Longtemps, j’ai cru que le jardin d’ombre (ou plutôt de mi-ombre) était un jardin peu fleuri. Il fallait s’y contenter des crocus printaniers, puis, plus tard, des hampes d’hostas (que certains aiment tellement… qu’ils les mettent au compost. Ceci dans le meilleur des cas). Les heuchères ou les astilbes aussi nous font de petites explosions roses ou blanches, bref, rien pour pâmer la jardinière.

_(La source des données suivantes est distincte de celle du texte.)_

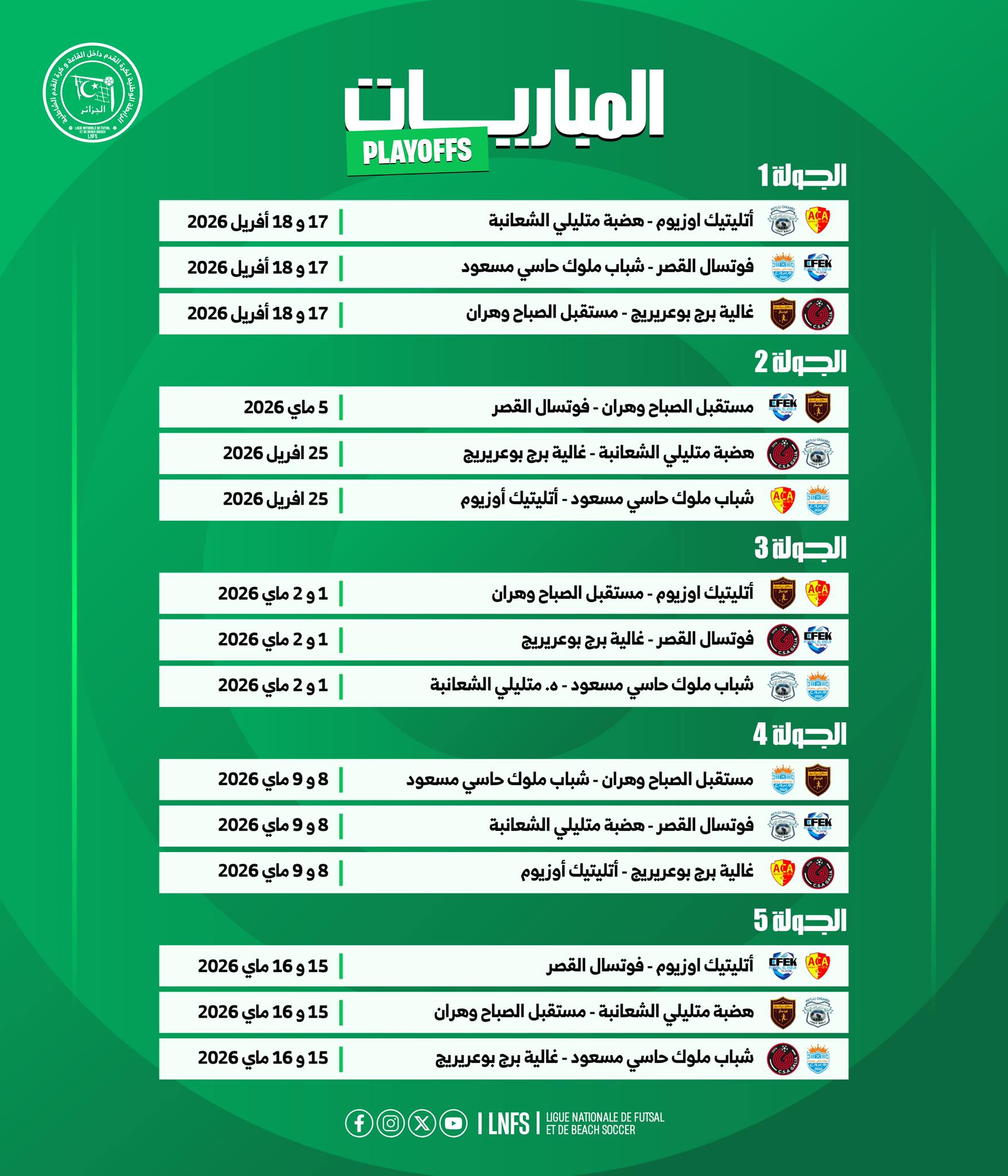 بناء على قرار قسم التنظيم الرياضي و المنافسات الصادر بالمحضر رقم 037 لجلسة الاثنين 06 أفريل 2026. حددت قائمة الفرق المتأهلة الى دورة اللقب لبطولة القسم الوطني الأول (رجال) على النحو الاتي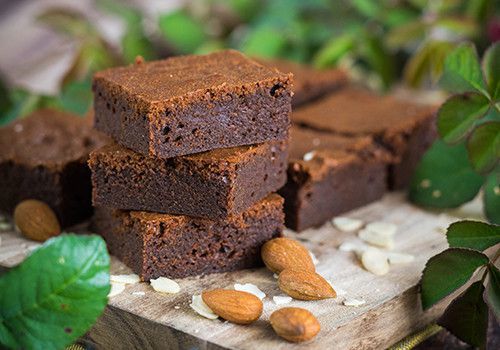 Melt dark chocolate with butter and cream over steam. Beat the eggs with the two types of sugar into a foam, then add the chocolate mass, almonds and the other ingredients. Pour into a greased cake tin, sprinkled with cocoa powder and bake for approx. 45 minutes. Let it cool and serve sliced.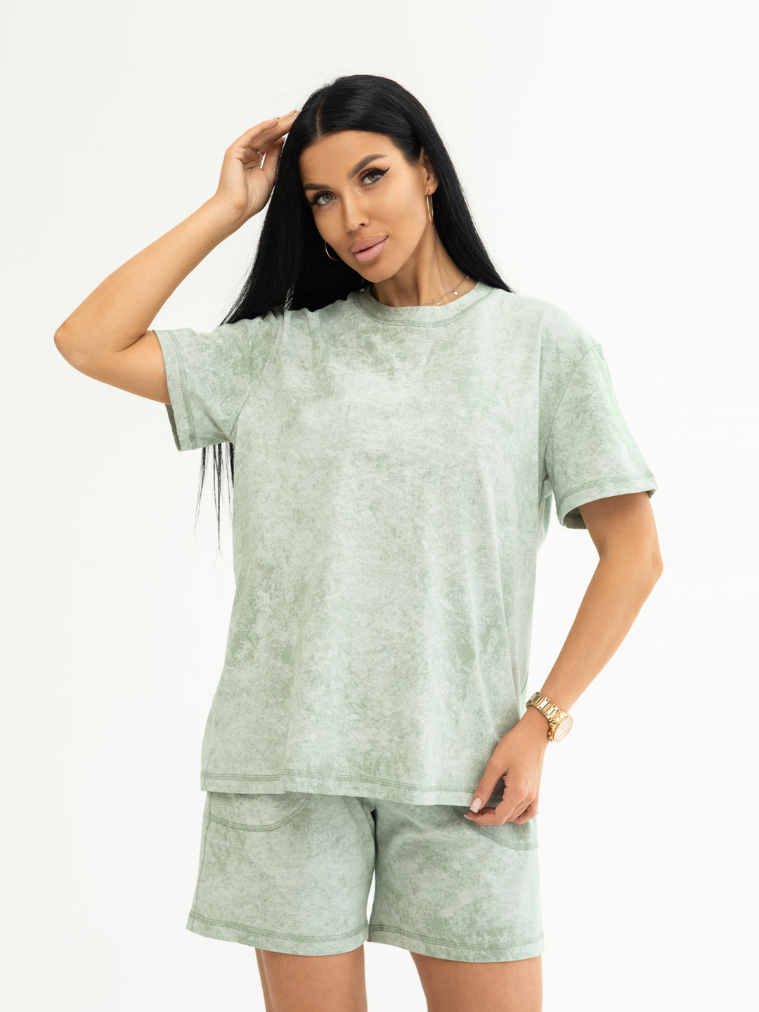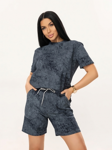 Костюм женский свободного силуэта, футболка и шорты. Футболка с коротким спущенным рукавом и округлой горловиной. Шорты с поясом на резинке, для удобной посадки и карманами с отрезным бочком. Яркий современный рисунок ткани в стиле - варенка. Легкий, удобный костюм из натурального хлопка, на каждый день.

Bien sûr, j’exagère, il y a quelques beautés (Cimicifuga, Corydalis…).

Il faut savoir aussi que, fraîchement immigré de France, un « ami » agronome québécois m’avait dit que, dans notre coin perdu de Lanaudière, aucune fleur ne survivait, sauf les Pieds-d’alouette, les Pivoines aussi, ouf !!! Pourtant, un jour, parce que je suis nostalgique, et que je fonds dès qu’on me parle de madeleines et de joies enfantines, j’ai eu envie de primevères au jardin. Ma visite aux Jardins de Métis peu avant n’est pas étrangère non plus à ce début de folie.

Le genre Primula recouvre plus de 400 espèces, mais de ma jeunesse, je retiens la Primula acaulis (ou vulgaris) une fleur jaune-beurre, simple, au bout d’une tige. La seule primevère digne de ce nom pour ma mère, la primevère des talus normands, amoureuse des sols acides. Un ton tellement particulier, qui évoque la fragilité printanière.

Primula ‘Traditional Yellows’ (20/05/2016)

Il y a aussi le coucou de mon adolescence poitevine (Primula veris), au jaune plus soutenu de bouton d’or. Plus florifère mais moins romantique aussi, il préfère les talus plus alcalin. Du coucou, on appréciera les descendants aux tons flamboyants P. ‘Coronation Cowslips’ ou le fabuleux P. veris Hose in Hose ‘Lord Alfred’.

 

Primula veris Hose in Hose ‘Lord Alfred’ (25/05/2017)

Bien avant, nos ancêtres, ou du moins leurs contemporains anglais, savaient déjà que les différents types de primevères pouvaient s’hybrider sans trop de difficultés. Tellement qu’ils ont réussi à créer une nouvelle « espèce », la primevère polyantha, un mélange de plusieurs espèces européennes qui donna une fleur plus grosse et surtout déclinée en de multiples couleurs.